Tabela 1. Artykulacja głosek dziecka

Lp

wybrane wyrazy

zapis artykulacji głosek

1.

rower – lowel

l → r

2.

wierszyk – wielsyk

l → r, sz → s

3.

żaba – zaba

ż → z

4.

soczek – socek

cz →  c

5.

krzyk – kszyk

rz → sz

6.

nożyczki – nozycki  

ż → z, cz → c

7.

koza – kosa

z → s

8.

szafa – safa

sz → s

9.

myszy – mysy

sz → s

10.

drzwi – dźwi

rz →  ź

11.

rzeką - zeką

rz →  z

Źródło: opracowanie własne na podstawie badania dziecka

Z danych zawartych w powyższej tabeli można mówić o sygmatyzmie czyli seplenieniu (nieprawidłowa realizacja głosek z szeregu s, z, c, dz, ś, ż, ć, dż, sz, ż, cz, dż) oraz substytucji (głoski trudniejsze są zastępowane łatwiejszymi). Dziecko cechuje również rotacyzm (nieprawidłowa realizacja głoski r).

Kolejną kwestią którą chciałabym poruszyć w niniejszej pracy jest słuch fonetyczny. W tym celu pokazałam dziecku 9 kolorowych obrazków i zapytałam na którym zdjęciu znajdują się dane przedmioty. Gdy poprosiłam o pokazanie bułki dziecko pokazało mi półkę, gdy zapytałam o górę dziecko wskazało kurę, a gdy zapytałam o buty dziecko pokazało mi budy (dla psa), gdy zapytałam o tom dziecko pokazało dom. Na podstawie analizy oraz syntezy słuchowej śmiem twierdzić, że dziecko posiada widoczny deficyt w percepcji słuchowej.

Na zakończenie w niniejszej pracy zaprezentuję krótki wywiad z dzieckiem.

N: Dzień dobry

M: dobly

N: Jak masz na imię?

M: Monika

N: A ja Natalia. Miło Cię poznać Moniko. Jak się dzisiaj czujesz?

M: dopsze

N: Lubisz chodzić do przedszkola?

M: Tak

N: A co lubisz robić w Przedszkolu?

M: lubiem się bafić w skleparke

N: A z kim się lubisz bawić?

M: wsyskimi

N: A co jeszcze lubisz robić w przedszkolu?

M: lubiem spewać

N: A co lubisz śpiewać?

M: to co pani naucyła. Ostatnio spewalismy „Ctely słonie zielone słonie”..

N: Zaśpiewasz mi ją?

M: tak. Ctely słonie zelone słonie kazdy kokaldke ma na ogonie ten kudlaty, ten smalkaty kochajom sie jak waliaty..

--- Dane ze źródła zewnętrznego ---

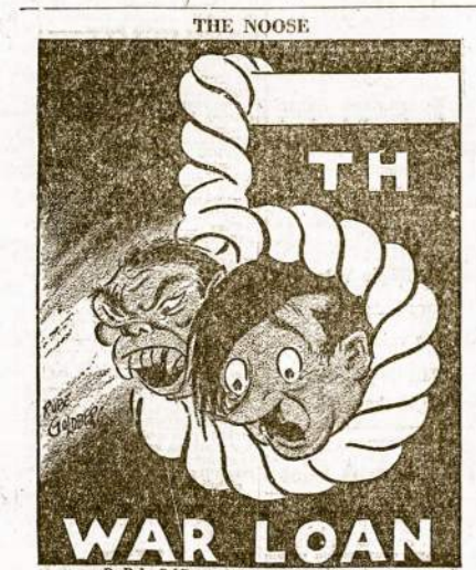
By Rube Goldberg—New York Sun Bell Syndicate

Jūs galite pagarbėti Amerikai sumobilizuoti galinčiausią armiją sumušimui fašizmo reguliariai pasipirkdami J. V. Defense Bondsų ir Stampų.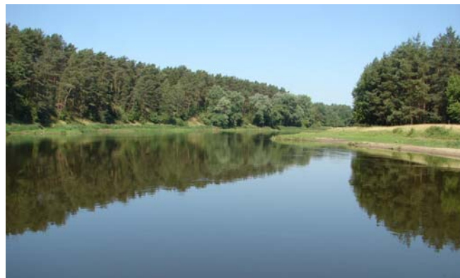
Spiegelglad water met de nodige grapjes.

Tegen half 6 vonden we het na dik 80 kilometer eigenlijk wel genoeg, we wilden best wel even zwemmen.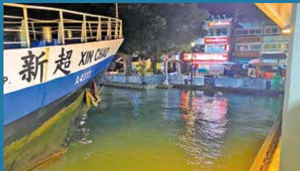
天文台指風暴潮遇天文大潮，低窪地區或水浸。

謝威寶續指，雖然今年11月第三個影響本港的熱帶氣旋「萬宜」，整體風力不及此前的「銀杏」及「桃芝」，但因正值天文大潮，本港水位在11月18日晚間漲潮時升得特別高，當中鰂魚涌、大澳及大埔灣的最高水位，分別上升至海圖基準面以上3.36、3.36及3.52米，分別打破其11月最高水位紀錄。

N: Bardzo pięknie śpiewasz. Moniko dziękuję Ci za rozmowę i śpiew. Możesz już pójść się pobawić z innymi dziećmi.

 Jak wynika z powyższego dialogu widoczną wadą u Moniki jest seplenienie (sygmatyzm), substytucja oraz rotacyzm. Dziecko odpowiada na pytania, mówi albo prostymi zdaniami albo pojedynczymi wyrazami. W słownictwie Moniki łatwo można zauważyć posługiwanie się neologizmami (dziecko zamiast ekspedientki lub sprzedawczyni użyło słowa skleparki) oraz zastępowanie dźwięcznych głosek bezdźwięcznymi.

 

Bibliografia

1. Demel G., Minimum logopedyczne nauczyciela przedszkola, Wydawnictwo WSiP, Warszawa 1996.

2. Kaczmarek L., Nasze dziecko uczy się mowy, Wydawnictwo Lubelskie, Lublin 1966.

3. Szymczyk M., Słownik Języka Polskiego, Wydawnictwo PWN, Warszawa 1995.